Before learning to dive, I cannonballed my way through most of my life. It's a messy but practical technique. Truth be told, water and I are not friends; we're friends-of-friends who play nice but prefer not to be around each other. So when I have run out of excuses and find myself compelled to jump in, there's no time for wading. There's no time for gracefully slipping in-between waves like silk sheets. There's only time to make a big splash, balled up like a scared toddler who's also hoping to do a little damage.

In the end, it wasn't the water that upset my perfect plan. It was my wife who got in the way.

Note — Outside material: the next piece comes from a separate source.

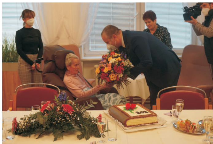
Mimořádná oslava s mimořádnou kyticí a dortem

„Organizujeme aktivizační programy a pořádáme kulturní akce. Mezi ty zvláště zdařilé řadíme kouzelnické představení, které se uživatelům velmi líbilo. V závěru představení kouzelník poodhalil některé ze svých triků a uživatele pozval ke společnému kouzlení. Tradičními akcemi pak byly zahradní slavnosti na ulici Rybářské a vinobraní na ulici Rooseveltova.“

So there I was on the edge of a swimming pool, feet flat on the rim, body crouched till I was nearly sitting on the hot tile, and my wife towering over me like a Catholic-school nun. Just about ready to tip into the water, I heard a father at the other end of the pool say to his 5-year-old daughter, "Look, Honey. Do it just like that man over there."

The 5 year old in me would have scurried away from embarrassment, but I had the advantage of being nearly middle aged. No, I didn't recoil. I tipped into the pool water with a beginner's dive that would have made any kindergartner envious. And so I learned to dive.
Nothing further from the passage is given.